■ What is required: When the line containing "Fiecare copil şi-a" is found in the data below, give it again along with every later line, exactly; drop the pictures.

■ Dataset items:
/---
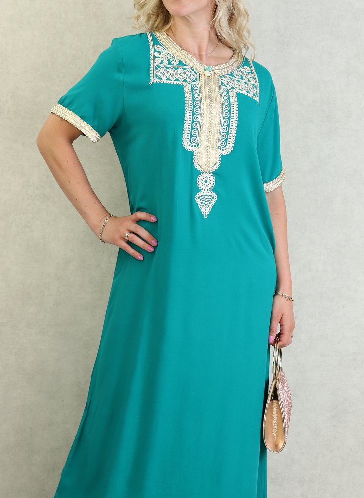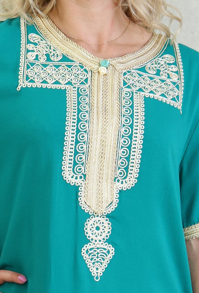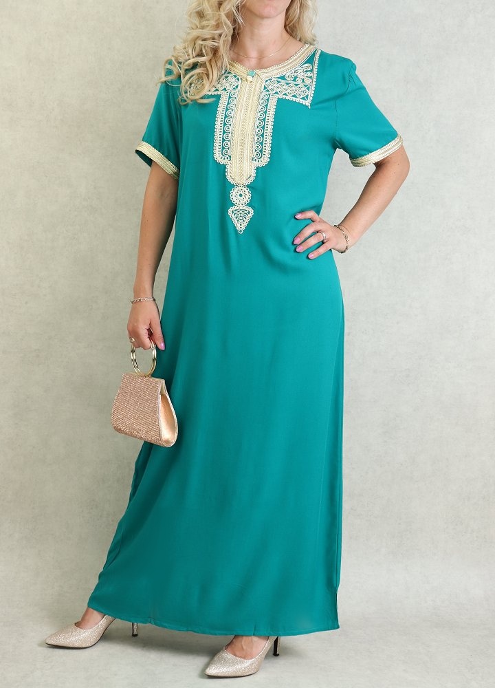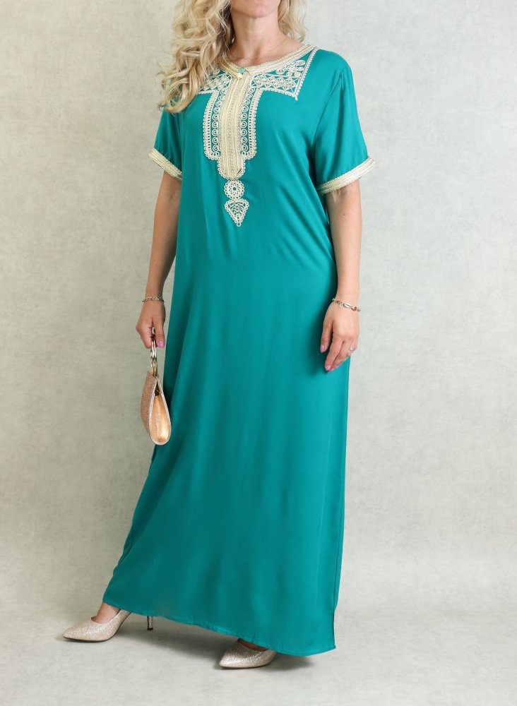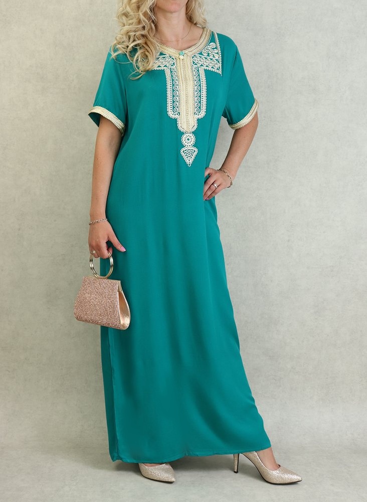 Robe marocaine manches courtes avec broderies - Couleur Vert émeraude - REF. 31841 (29.00 €)
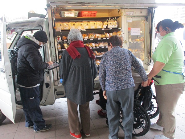 ニチイホーム柏の葉に、移動パン屋さんがやってきました。お客様には、お好みのパンを選んで購入していただき、久しぶりの“店頭で選ぶ楽しさ”を満喫されていました。
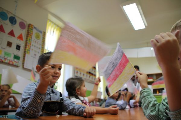 Fiecare copil şi-a pregătit şi colorat un steag al Germaniei. Răspund imediat la întrebările educatoarei: „Astăzi e ziua în care Germaniile s-au unit şi au devenit una mare! Capitala e la Berlin!”
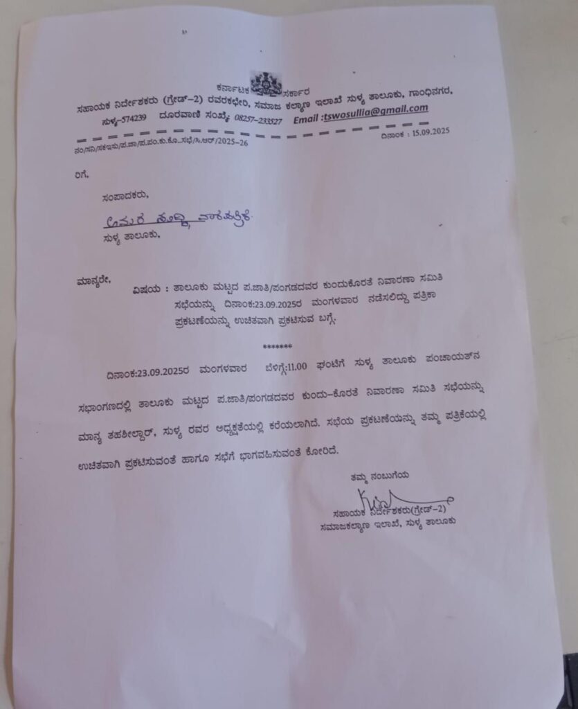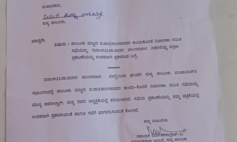 ತಾಲೂಕು ಮಟ್ಟದ ಪ.ಜಾತಿ/ಪಂಗಡದವರ ಕುಂದುಕೊರತೆ ನಿವಾರಣಾ ಸಮಿತಿ ಸಭೆಯು ಸೆ.23 ಮಂಗಳವಾರ ಬೆಳಿಗ್ಗೆ:11.00 ಘಂಟೆಗೆ ಸುಳ್ಯ ತಾಲೂಕು ಪಂಚಾಯತ್‌ ಸಭಾಂಗಣದಲ್ಲಿ ತಹಶೀಲ್ದಾರ್ ರವರ ಅಧ್ಯಕ್ಷತೆಯಲ್ಲಿ ನಡೆಯಲಿದೆ ಎಂದು ಸಮಾಜ ಕಲ್ಯಾಣ ಇಲಾಖೆಯ ಸಹಾಯಕ ನಿರ್ದೇಶಕರು ಪ್ರಕಟಣೆಯಲ್ಲಿ ತಿಳಿಸಿದ್ದಾರೆ.
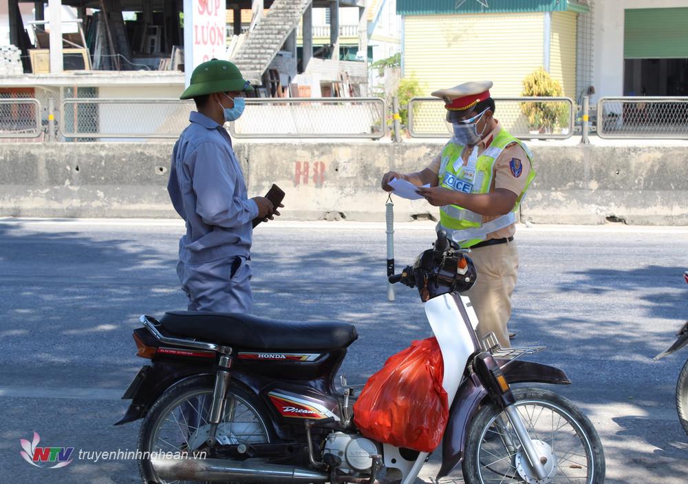 | Lực lượng chức năng kiểm tra lý do người đi đường. |
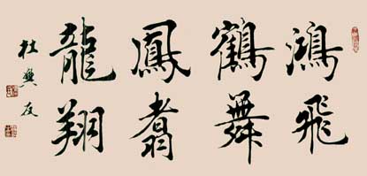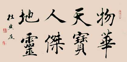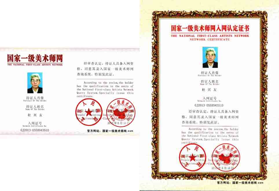 杜兴友(1934—),天津市人。曾多年从事语言文学、编辑和书法教育工作。1994年退休于中国民航学院(今民航大学)。倾情于书法,逾七十载;从事研究、创作和教学近三十年。曾沿着书法史的脉络,根据可以寻到的资料,从商周金文、秦汉石文、直至魏晋以降各代法书,都做过忠于原作的精心临写。并以类成卷,断以成集。临本所积,已足具规模。多年对楷书的结构美作专项研究,并以黄金律格控手段验证并书写了《汉语大字典》所收全部单字。在此基础上撰写了《楷书结构黄金分割示范单字一万例》一书。所出版的《黄金分割醴泉铭临本》和《黄金分割楷书千字文》两种用于指导教学和辅助自学的楷法字帖,在应用中收到了极佳的效果。早年书作曾获“20世纪国际艺术名家教授国际金奖”、“世界美术大奖”、“世界文化艺术交流功勋奖”以及金、银、铜等奖项。作品及传略被收入《世界著名书画家真迹博览大典》、《中国当代书画名家书画大系》、《中国历代书画名家精品集》、《世界美术大典》,以及《中国历代书画名家辞海》、《中国近现代书画名家经典》等数十种专集和辞书。近几年曾分别与沈鹏、欧阳中石、李铎、刘大为、吴冠中、靳尚谊等先生合集出版了《艺术之魂》、《翰墨春秋》、《书法四大家》、《中国当代书法大家》等专集和2010~2013年的书画台历。
\---
■ Reply:
 Fiecare copil şi-a pregătit şi colorat un steag al Germaniei. Răspund imediat la întrebările educatoarei: „Astăzi e ziua în care Germaniile s-au unit şi au devenit una mare! Capitala e la Berlin!”
 ತಾಲೂಕು ಮಟ್ಟದ ಪ.ಜಾತಿ/ಪಂಗಡದವರ ಕುಂದುಕೊರತೆ ನಿವಾರಣಾ ಸಮಿತಿ ಸಭೆಯು ಸೆ.23 ಮಂಗಳವಾರ ಬೆಳಿಗ್ಗೆ:11.00 ಘಂಟೆಗೆ ಸುಳ್ಯ ತಾಲೂಕು ಪಂಚಾಯತ್‌ ಸಭಾಂಗಣದಲ್ಲಿ ತಹಶೀಲ್ದಾರ್ ರವರ ಅಧ್ಯಕ್ಷತೆಯಲ್ಲಿ ನಡೆಯಲಿದೆ ಎಂದು ಸಮಾಜ ಕಲ್ಯಾಣ ಇಲಾಖೆಯ ಸಹಾಯಕ ನಿರ್ದೇಶಕರು ಪ್ರಕಟಣೆಯಲ್ಲಿ ತಿಳಿಸಿದ್ದಾರೆ.
 | Lực lượng chức năng kiểm tra lý do người đi đường. |
 杜兴友(1934—),天津市人。曾多年从事语言文学、编辑和书法教育工作。1994年退休于中国民航学院(今民航大学)。倾情于书法,逾七十载;从事研究、创作和教学近三十年。曾沿着书法史的脉络,根据可以寻到的资料,从商周金文、秦汉石文、直至魏晋以降各代法书,都做过忠于原作的精心临写。并以类成卷,断以成集。临本所积,已足具规模。多年对楷书的结构美作专项研究,并以黄金律格控手段验证并书写了《汉语大字典》所收全部单字。在此基础上撰写了《楷书结构黄金分割示范单字一万例》一书。所出版的《黄金分割醴泉铭临本》和《黄金分割楷书千字文》两种用于指导教学和辅助自学的楷法字帖,在应用中收到了极佳的效果。早年书作曾获“20世纪国际艺术名家教授国际金奖”、“世界美术大奖”、“世界文化艺术交流功勋奖”以及金、银、铜等奖项。作品及传略被收入《世界著名书画家真迹博览大典》、《中国当代书画名家书画大系》、《中国历代书画名家精品集》、《世界美术大典》,以及《中国历代书画名家辞海》、《中国近现代书画名家经典》等数十种专集和辞书。近几年曾分别与沈鹏、欧阳中石、李铎、刘大为、吴冠中、靳尚谊等先生合集出版了《艺术之魂》、《翰墨春秋》、《书法四大家》、《中国当代书法大家》等专集和2010~2013年的书画台历。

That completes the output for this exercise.